Penanaman nilai-nilai ajaran Islam melalui keteladanan yang baik sebelum
mengucapkan kata, bukan dengan cara propaganda dan cara yang tidak bijak lainnya,
menjadikan dakwah yang diajarkan Wali Songo mendapatkan simpati di hati masyarakat.
Ajaran ajaran semacam ini yang selalu digaungkan dalam ajaran Islam dan bahkan lebih
dianjurkan karena sesuai dengan dalil normatif al-Qur'an dan Sunnah.
Jika demikian model dakwah yang dikembangkan oleh Wali Songo, maka kita akan
menemukan kecocokan model dakwah atau ajaran tasawuf Wali Songo dengan tipologi
tasawuf Akhlaki yang diserukan oleh al-Ghazālī.
Nampaknya tawaran tasawuf al-Ghazālī lebih mendapat simpati bagi Wali Songo untuk
diajarkan kepada masyarakat secara luas. Ini bisa dengan data yang sudah menjelaskan tentang
ajaran tasawuf Sun Bonang dan Sunan Kalijaga yang menjadikan buku-buku al-Ghazālī
sebagai rujukan utama.
Proposisi lain yang mungkin dapat diperdebatkan adalah selain dari ajaran Wali Songo
Di atas terdapat pula ajaran Syekh Siti Jenar, di mana pemikiran-pemiknya masuk dalam
tipologi tasawuf falsafi?
Syekh Lemah Abang berujar, 'Marilah kita berbicara dengan terus terang bahwa Aku
ini Allah. Akulah yang sejatinya disebut Prabu Satmata, tidak ada yang lain yang ilahi',
Maulana Maghrib mencela, 'tapi itu jisim namanya disebut,' Syekh Lemah Abang menyahut,
'Saya menyampaikan ilmu yang bukan tubuh, karena tubuh pada hakikatnya tidak ada. Yang
kita bincang adalah ilmu sejati. Kepada semuanya saja, kita buka tabir rahasia ilmu sejati'.
Dengan demikian, benih-benih tasawuf falsafi di Indonesia sedari awal memiliki
kekuatan yang sama besar dengan tasawuf akhlaki.
Sangat penting ajaran Syekh Siti Jenar, sebagai wali dengan kapasitas keilmuan yang
sangat mumpuni, mendapat banyak tempat di hati masyarakat.
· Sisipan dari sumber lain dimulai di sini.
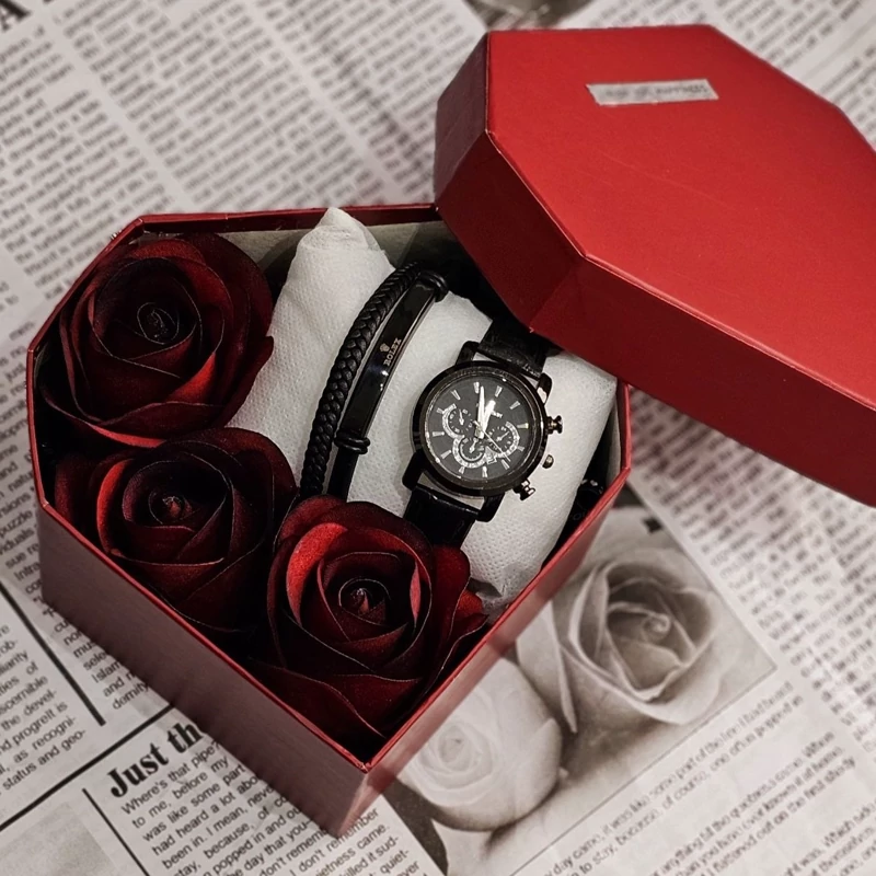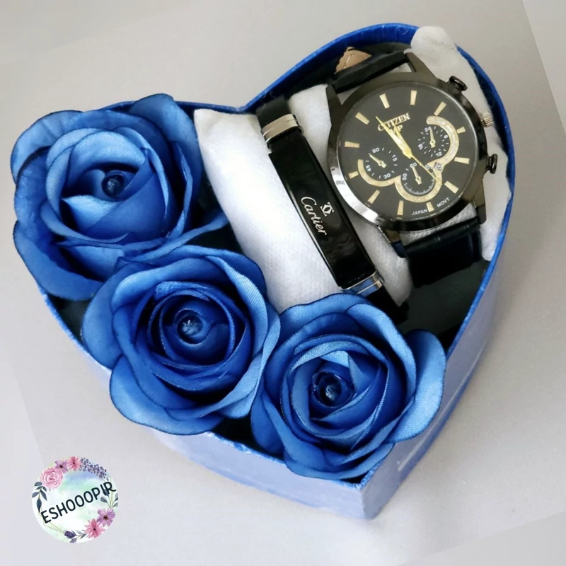 پک هدیه کادو مردانه با ساعت و دستبند و جعبه کادو و گل رز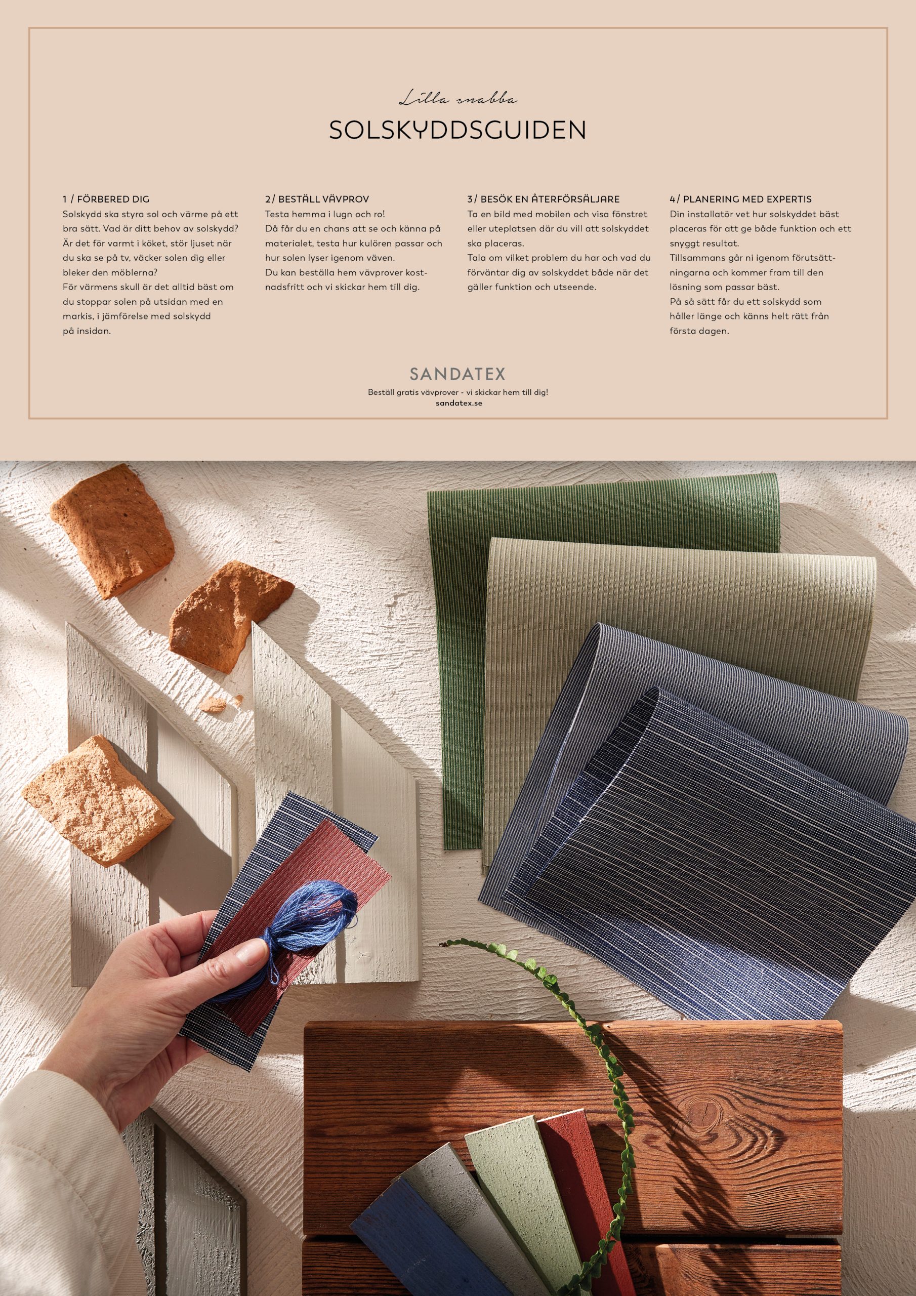 Nedan hittar du allt vårt inspirationsmaterial tillhörande våra aktuella kollektioner för invändiga och utvändiga solskydd.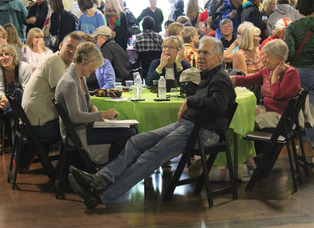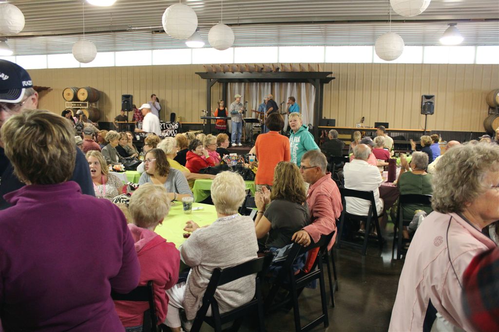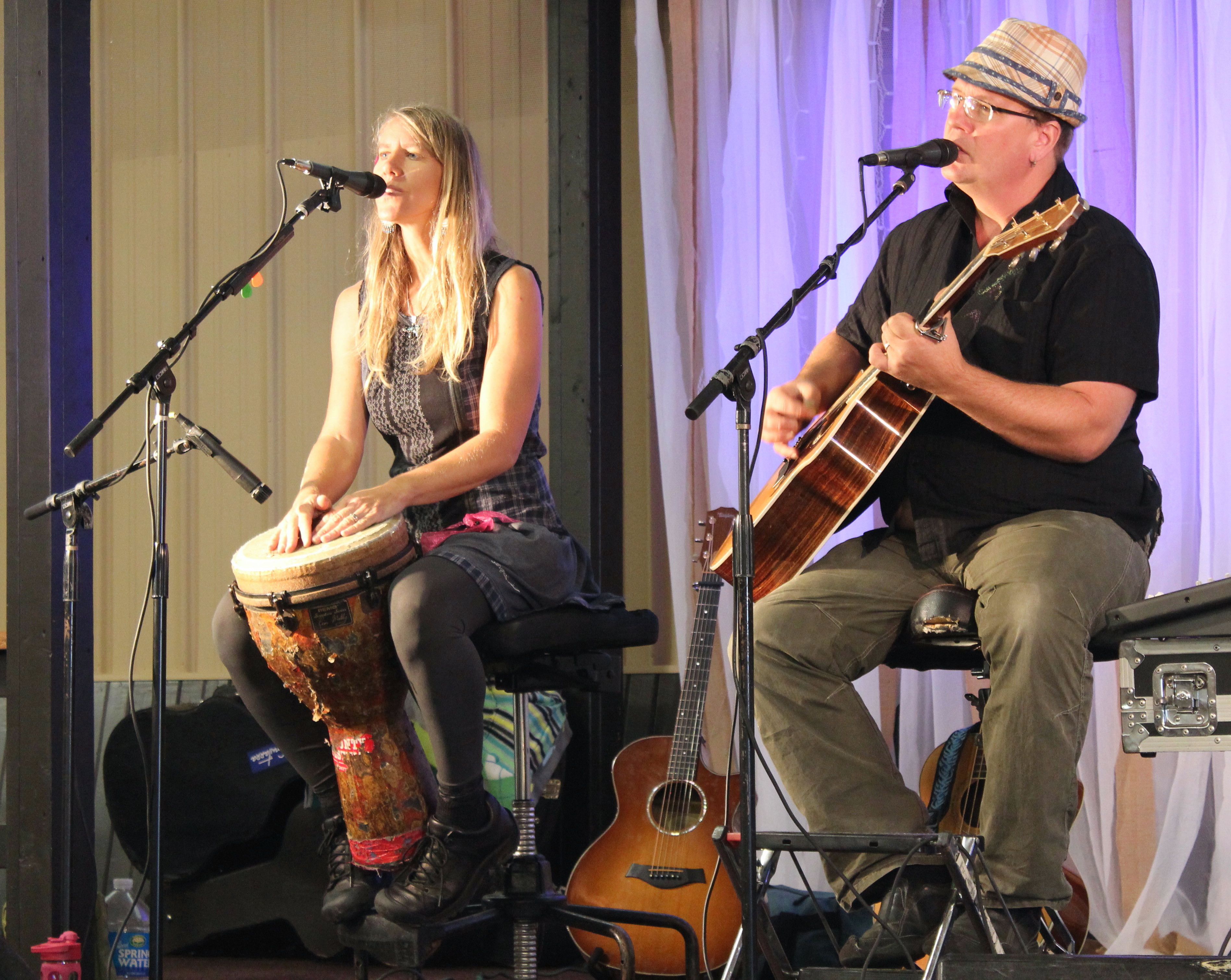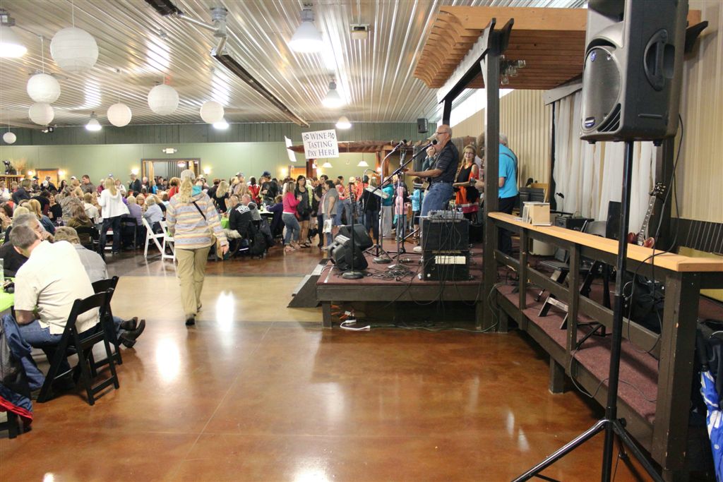 [There was music at several venues, including the Marquette Stage outside where Josie Nelson was part of an hourly rotation. We hoped to rotate out there as well. Inside, the big place (the old hippodrome) hosted Harper’s Chord (above, shot by the supervisor and immediately posted on Facebook), Uncle Willie’s Gut Bucket Blues Band, and a young bluegrass group. As early arrivers, and before the rain began, we staked out a front row table. When the rain began, everyone who had been outside perusing the vendors and such flowed into our arena until it was packed. We couldn’t leave or we’d never get our seats back. The crowd made it quite a party – but way to noisy for videos.]

Hal ini menunjukkan model
kedua tasawuf pernah ada dan tumbuh bahkan pada taraf menjadi suatu arus utama di
Nusantara.
Pernyataan di atas bisa menjadi benar, jika dakwah dan ajaran Syekh Siti Jenar tidak
mendapatkan resistensi dari para anggota wali lainnya.
Pada kenyataannnya di dalam sejarah yang dibuktikan bahwa usaha-usaha pemakzulan
terhadap paham yang cenderung pada ajaran filosofis-panteistis yang diajarkan Syekh Siti
Jenar. Bahkan diberitahukan bahwa Sunan Giri (anggota Wali Songo) dikabarkan kuliah Siti
Jenar yang berpandangan panteisme.
b. Ar-Raniri
Nama lengkapnya adalah Nuruddin Muhammad bin Ali bin Hasanji bin Muhammad
Hanif Al-Raniri Al-Quraisyi Al-Syafi’i. Nuruddin Al Raniri adalah sarjana India keturunan
Arab, beliau dilahirkan di daerah Ranir yang tak jauh dari Gujarat.
Nuruddin Ar-Raniri lahir di kota Ranir Pantai Gujarat, India. Tahun kelahirannya tidak
di ketahui tetapi banyak ahli yang memperkirakan ia lahir di akhir abad 16. Guru yang paling
berpengaruh adalah Abu Nafs Sayyid Imam bin ‘Abdullah bin Syaiban, seorang guru Tarekat
Rifa’iyah. Ar-Raniri merupakan tokoh pembaharuan Islam di Aceh. Pembaharuan utamanya
adalah memerangi aliran Wujudiyyah yang dianggap aliran sesat. Karya-karya beliau antara
lain Ash-Shirath Al-Mustaqim, Bustan As-Salatin fi DzikirAl-Awwalin wa Al-Akhirin, Durrat
Al-Farra’idh bi Syarhi Al’Aqa’id, Syifa Al-Qulub.